The needed output is the run of lines below from the one containing "Patio furniture /" through the one containing "This bingo card", copied exactly and free of pictures.
====== Data to examine
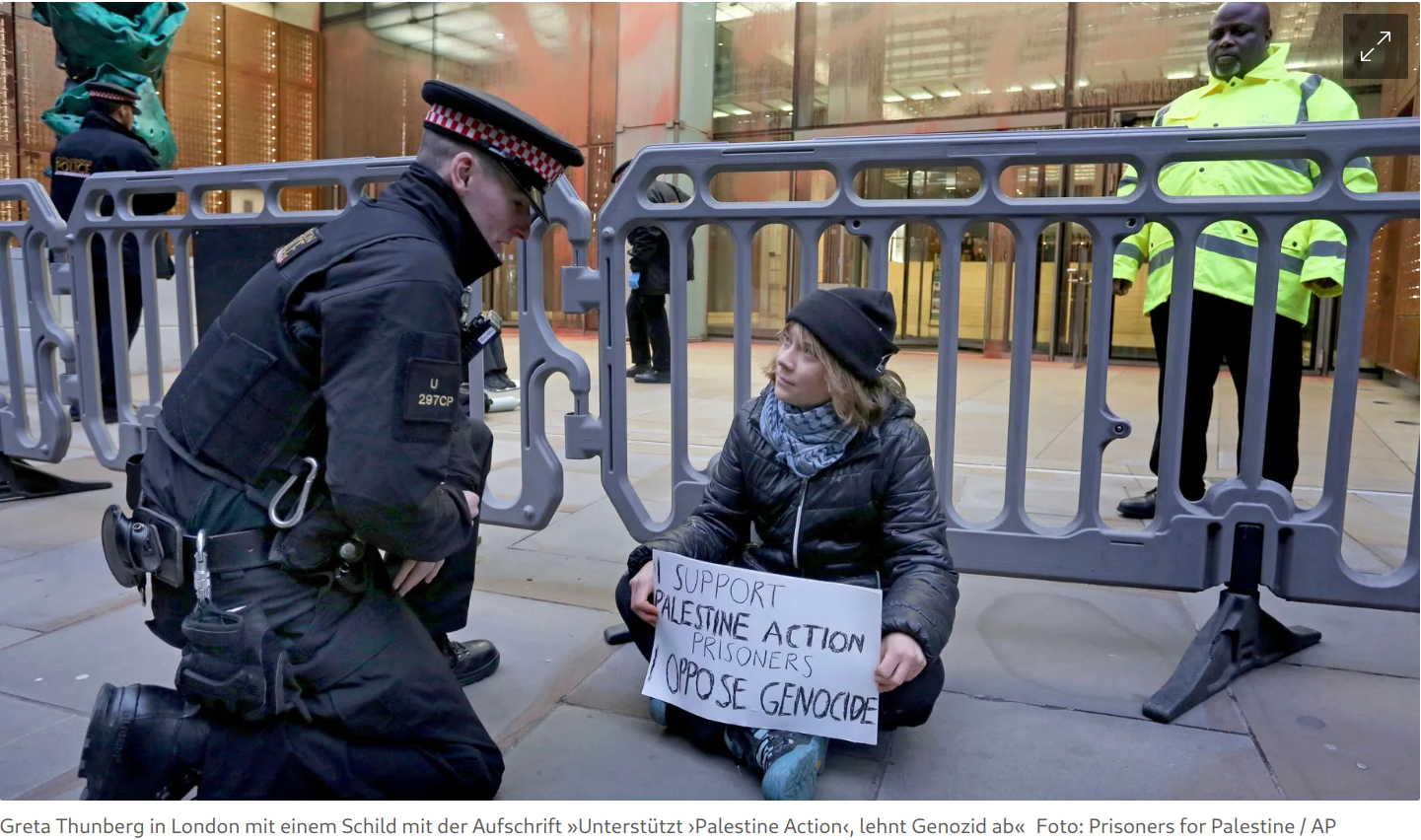 Das ist etwas ganz anderes als das, was wirklich ausgesagt wird: Greta Thunberg unterstützt Häftlinge, die einer Organisation namens "Palestine Action" angehören, und sie lehnt Volkermord ab.
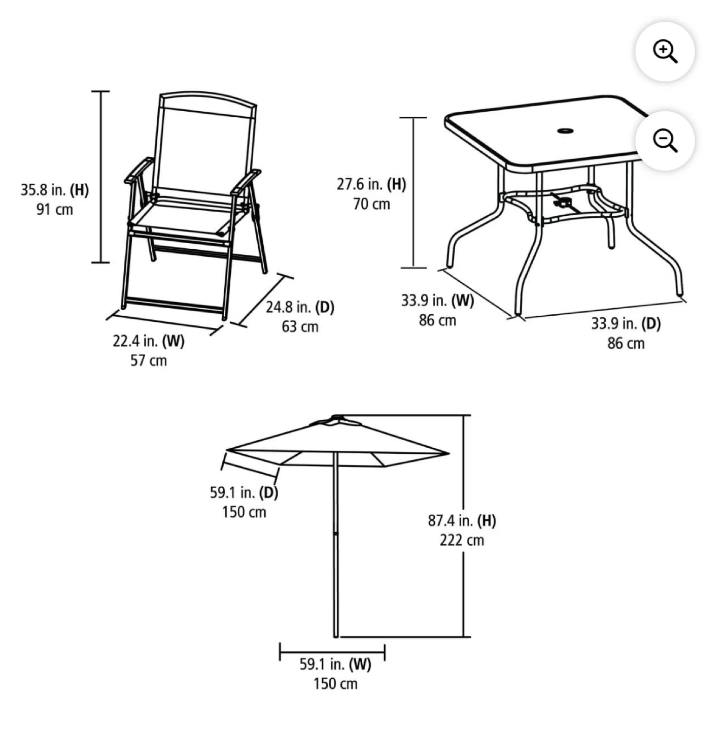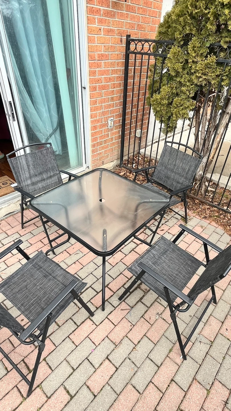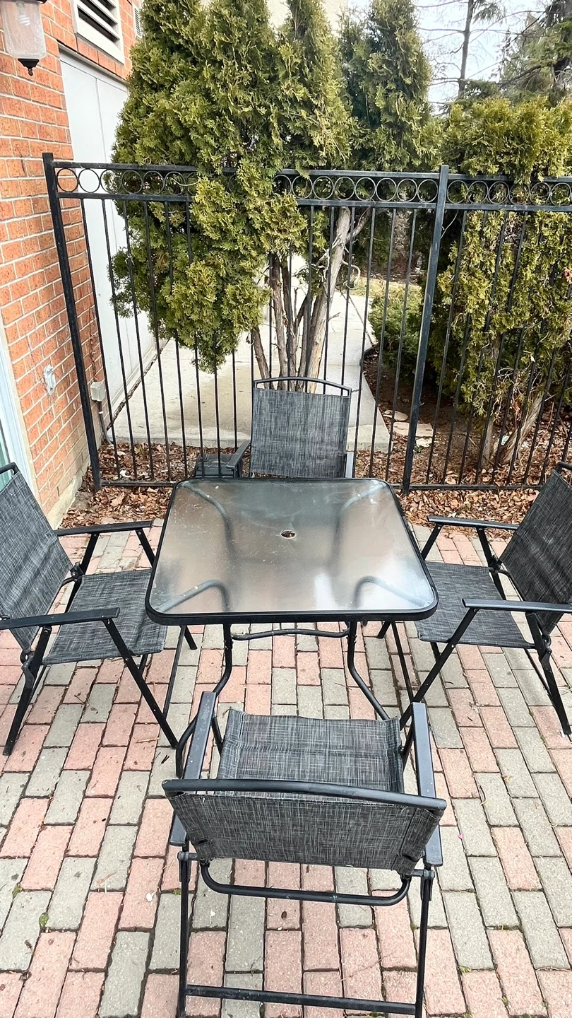 Patio furniture / Outdoor dining set- comes with 4 foldable chairs. Square shaped center table with glass top. Foldable umbrella with cover (picture not available). Table can be dismantled for easy storage and transportation.
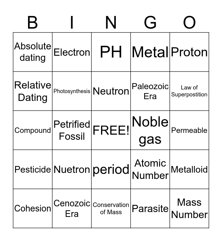 This bingo card has a free space and 24 words: Nuetron, Cenozoic Era, Neutron, Cohesion, Proton, Absolute dating, Relative Dating, Electron, Noble gas, period, Paleozoic Era, Compound, Atomic Number, Metalloid, Photosynthesis, Parasite, Permeable, PH, Law of Superpostition, Petrified Fossil, Mass Number, Pesticide, Metal and Conservation of Mass.
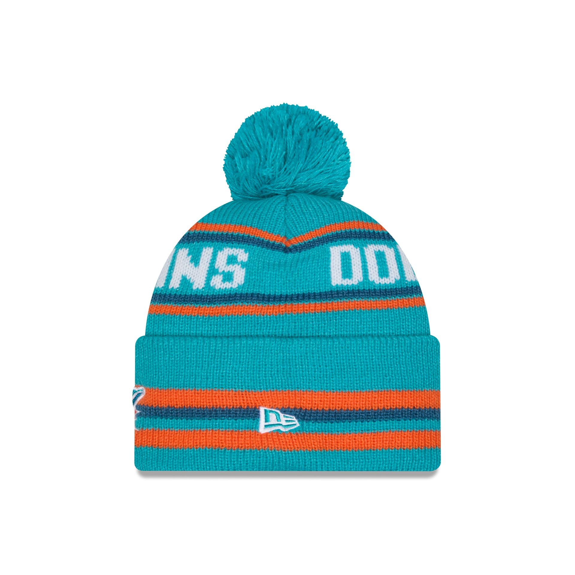 The Miami Dolphins Classic Pom Knit Hat features an embroidered Dolphins logo at the front cuff with a wordmark at the crown and a one-time removable pom.
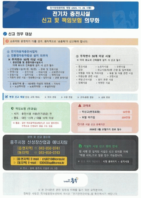 ÀÌ¹Ì ¿î¿µ ÁßÀÎ ±âÁ¸ ÃæÀü½Ã¼³ÀÇ °æ¿ì¿¡µµ ¹ý ½ÃÇàÀÏÀÎ 2025³â 11¿ù 28ÀϺÎÅÍ 6°³¿ù À̳»ÀÎ 2026³â 5¿ù 27ÀϱîÁö ½Å°í¿Í ¹è»óÃ¥ÀÓº¸Çè °¡ÀÔÀ» ¿Ï·áÇØ¾ß Çϸç, À̸¦ ÀÌÇàÇÏÁö ¾ÊÀ» °æ¿ì °úÅ·ᰡ ºÎ°úµÈ´Ù.
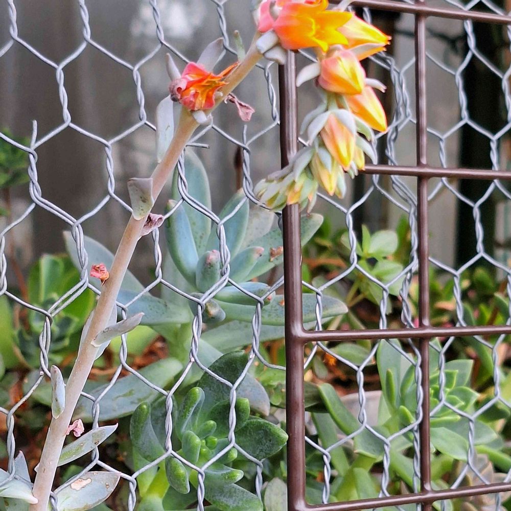 鳥避けの金網からニョキって出てきて咲いている花も可愛い💓
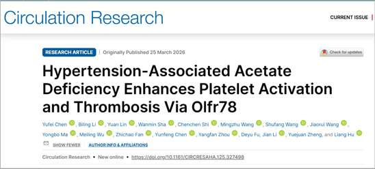 近日,心血管领域国际权威期刊、美国心脏协会(AHA)旗舰期刊Circulation Research在线发表了欧美A片 胡亮研究员团队的最新研究成果:《Hypertension-Associated Acetate Deficiency Enhances Platelet Activation and Thrombosis via Olfr78》。该研究首次阐明了高血压血瘀证发生发展的微观分子机制,为 “五谷为养” 的经典养生与防治理论提供了科学证据。
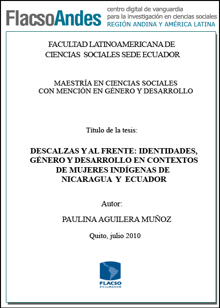 Aguilera Muñoz, Paulina (2010). Descalzas y al frente : identidades, género y desarrollo en contextos de mujeres indígenas de Nicaragua y Ecuador. Maestría en Ciencias Sociales con mención en Género y Desarrollo; FLACSO - Sede Ecuador. Quito. 171 p.
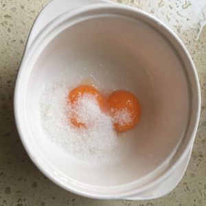 取两个蛋黄使用 加入15g砂糖 搅拌
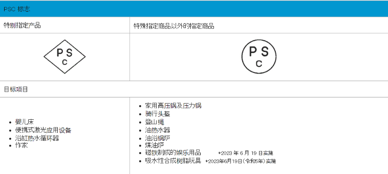 根据消费生活用品安全法,将从产品的结构、材料、使用情况等方面认定对一般消费者的生命或身体特别有危害可能性的产品指定为"特定制品",并通过政令进行规定(法第2条第2款)。从事特定制品的制造、进口或销售业务的人士必须为每种产品标注符合法令规定的技术标准(法第3条)的标志(PS(Product Safety=产品安全)C(Consumer=消费者)标志),否则不得销售或用于销售目的的陈列(法第4条第1款)。
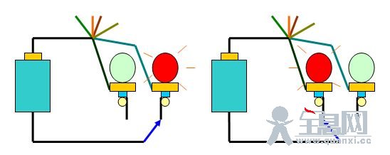 有一天小宝想做一个花灯,开关能开两盏灯的,让它开来开去,一个亮一个熄,熄了又亮,亮了又熄,多好玩!小宝想:过去用过两个开关开一个灯,现在要用一个开关开两个灯,那能不能把开关和电灯互相换一下呀?可是,天天要上课,要做作业,没空。
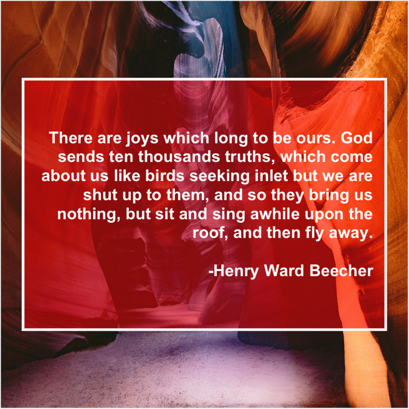 “There are joys which long to be ours. God sends ten thousands truths, which come about us like birds seeking inlet but we are shut up to them, and so they bring us nothing, but sit and sing awhile upon the roof, and then fly away.”
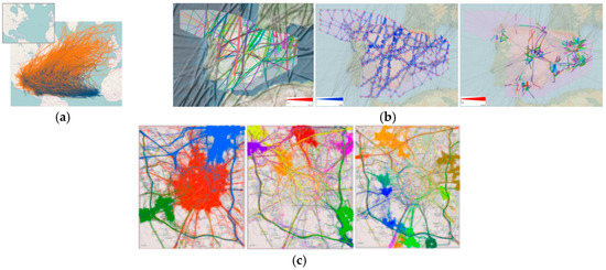 Examples of analyzing trajectory semantic patterns: (a) encoding downtown pedestrian trajectories by semantic types [11]; and (b) visually exploring taxi trajectories via SemanticTraj [12,13,14].
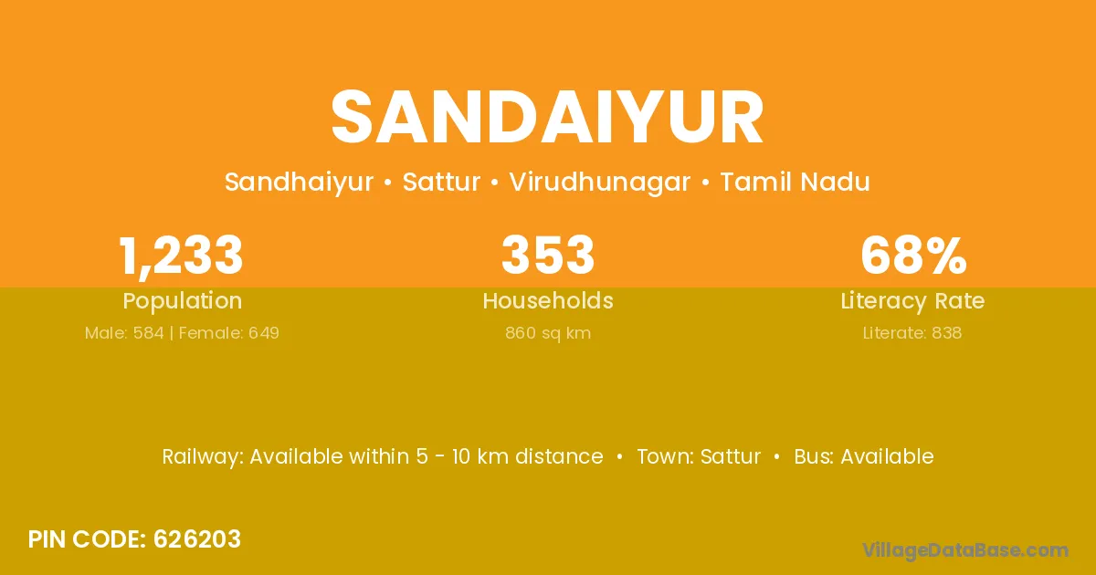 Sandaiyur village has a total population of 3,830 people, of which 1,892 are males and 1,938 are females.
============
-- Written reply --
 Patio furniture / Outdoor dining set- comes with 4 foldable chairs. Square shaped center table with glass top. Foldable umbrella with cover (picture not available). Table can be dismantled for easy storage and transportation.
 This bingo card has a free space and 24 words: Nuetron, Cenozoic Era, Neutron, Cohesion, Proton, Absolute dating, Relative Dating, Electron, Noble gas, period, Paleozoic Era, Compound, Atomic Number, Metalloid, Photosynthesis, Parasite, Permeable, PH, Law of Superpostition, Petrified Fossil, Mass Number, Pesticide, Metal and Conservation of Mass.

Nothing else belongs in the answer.